# Technology +1



## azmike (Jan 4, 2015)

Got to the ranch with a dump trailer of baleage and hay. Went ahead and dumped but got a call on my cell phone while the trailer was in the air...dropped my phone (didn't know it)...got to the house and figured out my cell phone was AWOL... I sent e-mail to son to call my phone... loud ringer was under hay and a couple 900 pound heifers! Technology got it today!


----------



## NewBerlinBaler (May 30, 2011)

Two weeks ago I dropped my cell phone and didn't realize it. Then I dragged a log over it. Thing still works! Plus, it doesn't look any worse than it did before I dragged the log over it.

Gary


----------



## Vol (Jul 5, 2009)

Were either phone a iphone or droid?

Regards, Mike


----------



## azmike (Jan 4, 2015)

Vol, Just a old style flip phone, tried the smart phone and changed back after a couple of weeks.


----------



## Vol (Jul 5, 2009)

That is what I was thinking.....these smart phones are pretty sharp but very wimpy when it comes to rough behaviour.

Regards, Mike


----------



## NewBerlinBaler (May 30, 2011)

Mine is a flip phone as well.

Gary


----------



## PaCustomBaler (Nov 29, 2010)

Ran over my iPhone with a buddy's JD 7420 loader tractor while unloading 3x3's. Picked it up and worked fine...using one of those Otter boxes.


----------



## Thorim (Jan 19, 2015)

Back in my younger days when I did tree work around high voltage power lines wasn't unusual for me go through four or five pagers a year they'd either fall from 50' to 65' to the ground usually bouncing off the tree on the way down or they'd get run through the chipper. General foreman asked me why I was going thru so many pagers I said " you require that I carry that stupid thing with me 24/7 something is bound to happen to it when I am doing the job your paying me to do." lol


----------



## mlappin (Jun 25, 2009)

I've had better luck with my smartphones surviving rough treatment than the old flip phones.
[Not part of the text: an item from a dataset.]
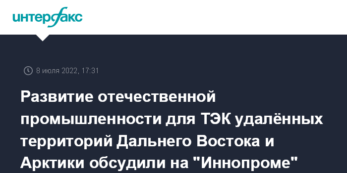 В рамках международной промышленной выставки "Иннопром-2022" состоялась панельная сессия на тему "Развитие распределённой генерации на Дальнем Востоке и в Арктике как вызов для отечественной промышленности". Мероприятие организовали Корпорация развития Дальнего Востока и Арктики, подведомственная Минвостокразвития России, и Общероссийская общественная организация малого и среднего предпринимательства "ОПОРА РОССИИ" в рамках подготовки к Восточному экономическому форуму. Напомним, ВЭФ пройдет во Владивостоке с 5 по 8 сентября 2022 года. Оператором форума выступает Фонд Росконгресс.

Used to use otter boxes, have since gone to the dust, rain, mud, snow proof Lifeproof cases.


----------



## Vol (Jul 5, 2009)

PaCustomBaler said:


> Ran over my iPhone with a buddy's JD 7420 loader tractor while unloading 3x3's. Picked it up and worked fine...using one of those Otter boxes.


Have a otter on mine also.....but still amazed you didn't at least crack your glass.

Regards, Mike


----------